### TASK TO CARRY OUT
Apart from the pictures, every entry below must be given again exactly.

### EXTRACTED ENTRIES
────

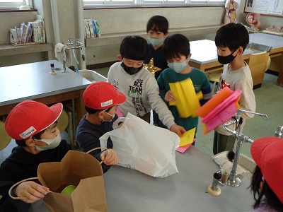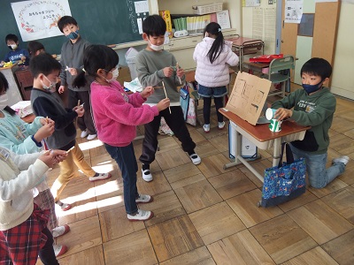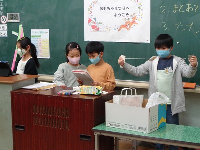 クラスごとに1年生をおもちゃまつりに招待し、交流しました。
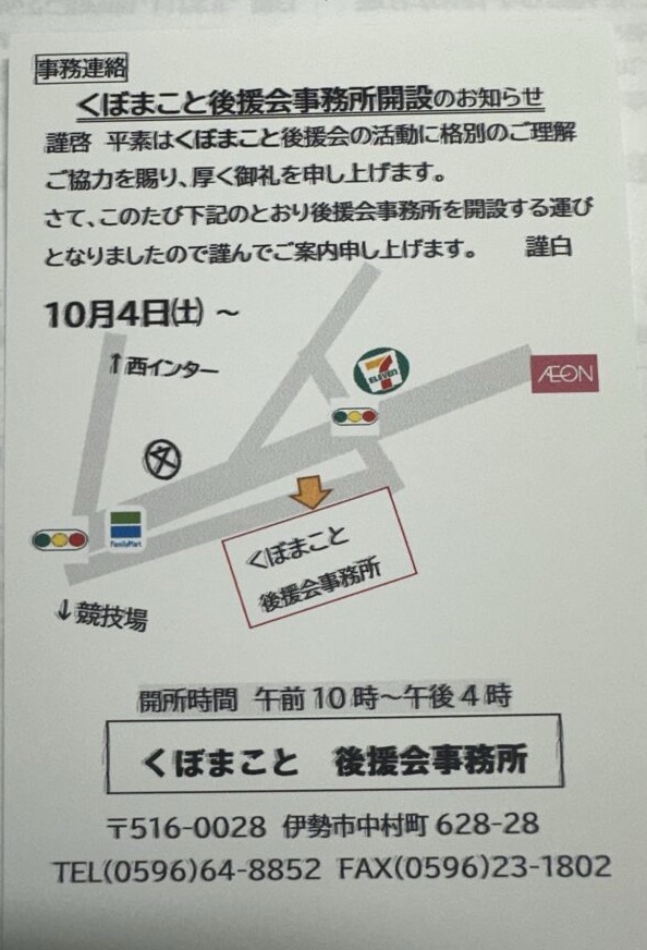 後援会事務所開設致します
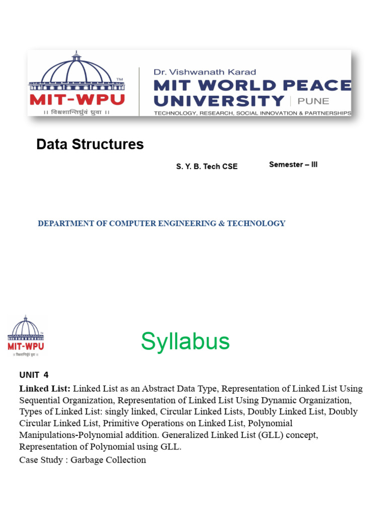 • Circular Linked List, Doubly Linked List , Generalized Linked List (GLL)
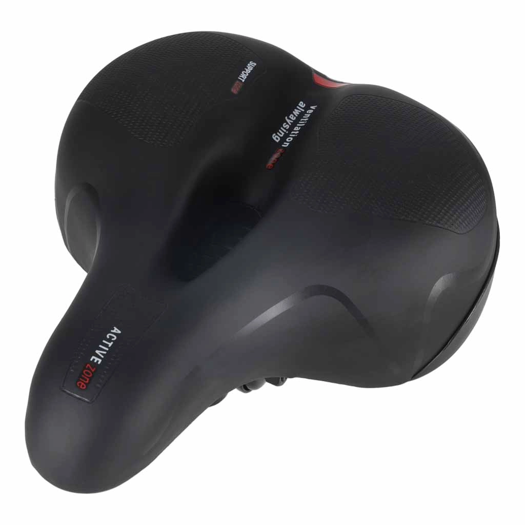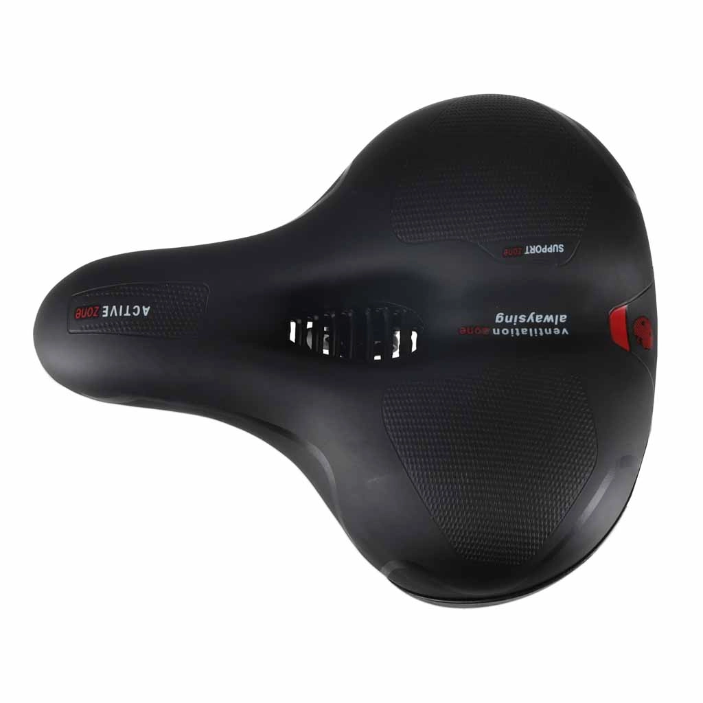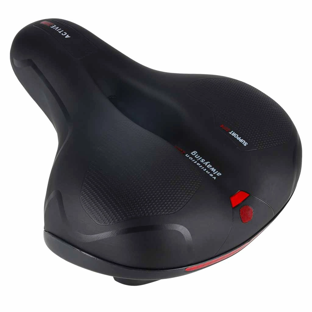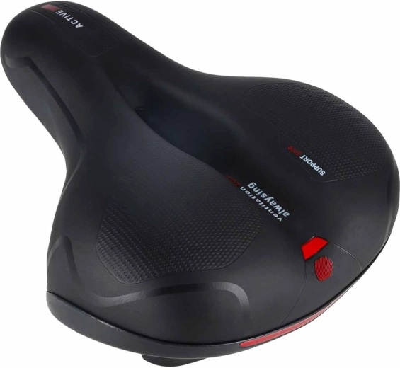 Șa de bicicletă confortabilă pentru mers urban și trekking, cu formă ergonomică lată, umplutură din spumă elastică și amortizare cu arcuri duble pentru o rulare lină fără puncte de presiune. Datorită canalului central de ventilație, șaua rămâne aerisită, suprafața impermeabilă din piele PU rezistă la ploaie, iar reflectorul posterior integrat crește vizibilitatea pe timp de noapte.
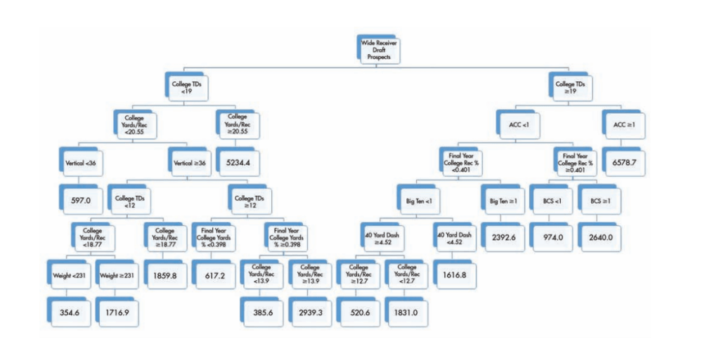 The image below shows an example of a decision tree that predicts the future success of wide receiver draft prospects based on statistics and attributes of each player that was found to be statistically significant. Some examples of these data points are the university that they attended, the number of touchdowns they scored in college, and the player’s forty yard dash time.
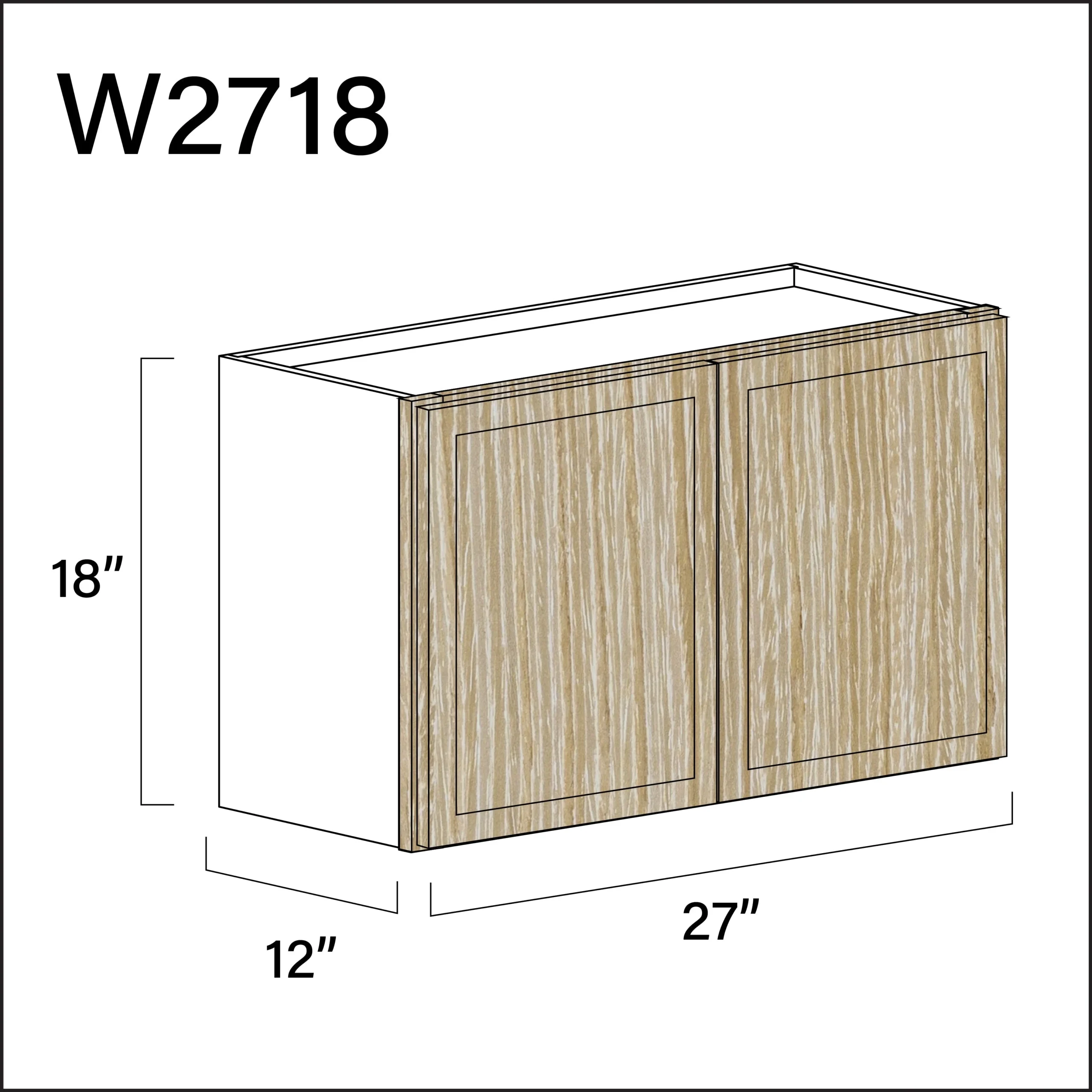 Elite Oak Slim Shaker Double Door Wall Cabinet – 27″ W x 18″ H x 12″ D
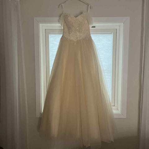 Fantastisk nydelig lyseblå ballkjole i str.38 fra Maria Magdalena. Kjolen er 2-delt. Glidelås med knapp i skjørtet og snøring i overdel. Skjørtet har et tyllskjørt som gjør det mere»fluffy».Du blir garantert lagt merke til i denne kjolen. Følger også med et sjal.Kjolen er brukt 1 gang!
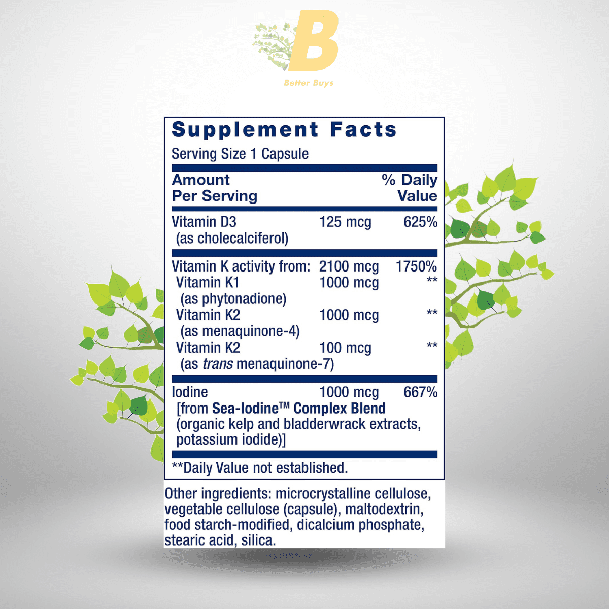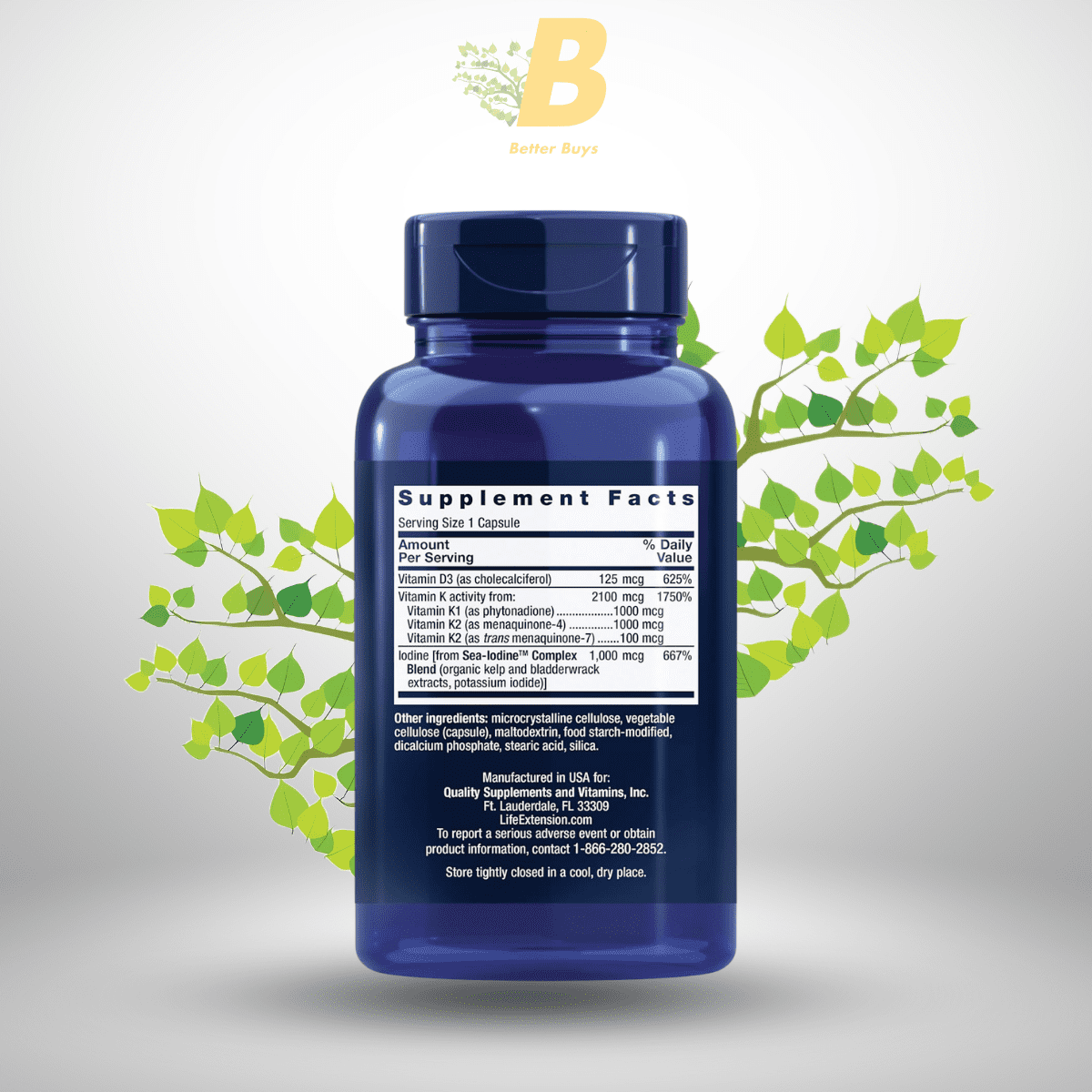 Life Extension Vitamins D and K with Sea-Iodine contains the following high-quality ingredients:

────

### SOLVED EXERCISE
 クラスごとに1年生をおもちゃまつりに招待し、交流しました。
 後援会事務所開設致します
 • Circular Linked List, Doubly Linked List , Generalized Linked List (GLL)
 Șa de bicicletă confortabilă pentru mers urban și trekking, cu formă ergonomică lată, umplutură din spumă elastică și amortizare cu arcuri duble pentru o rulare lină fără puncte de presiune. Datorită canalului central de ventilație, șaua rămâne aerisită, suprafața impermeabilă din piele PU rezistă la ploaie, iar reflectorul posterior integrat crește vizibilitatea pe timp de noapte.
 The image below shows an example of a decision tree that predicts the future success of wide receiver draft prospects based on statistics and attributes of each player that was found to be statistically significant. Some examples of these data points are the university that they attended, the number of touchdowns they scored in college, and the player’s forty yard dash time.
 Elite Oak Slim Shaker Double Door Wall Cabinet – 27″ W x 18″ H x 12″ D
 Fantastisk nydelig lyseblå ballkjole i str.38 fra Maria Magdalena. Kjolen er 2-delt. Glidelås med knapp i skjørtet og snøring i overdel. Skjørtet har et tyllskjørt som gjør det mere»fluffy».Du blir garantert lagt merke til i denne kjolen. Følger også med et sjal.Kjolen er brukt 1 gang!
 Life Extension Vitamins D and K with Sea-Iodine contains the following high-quality ingredients:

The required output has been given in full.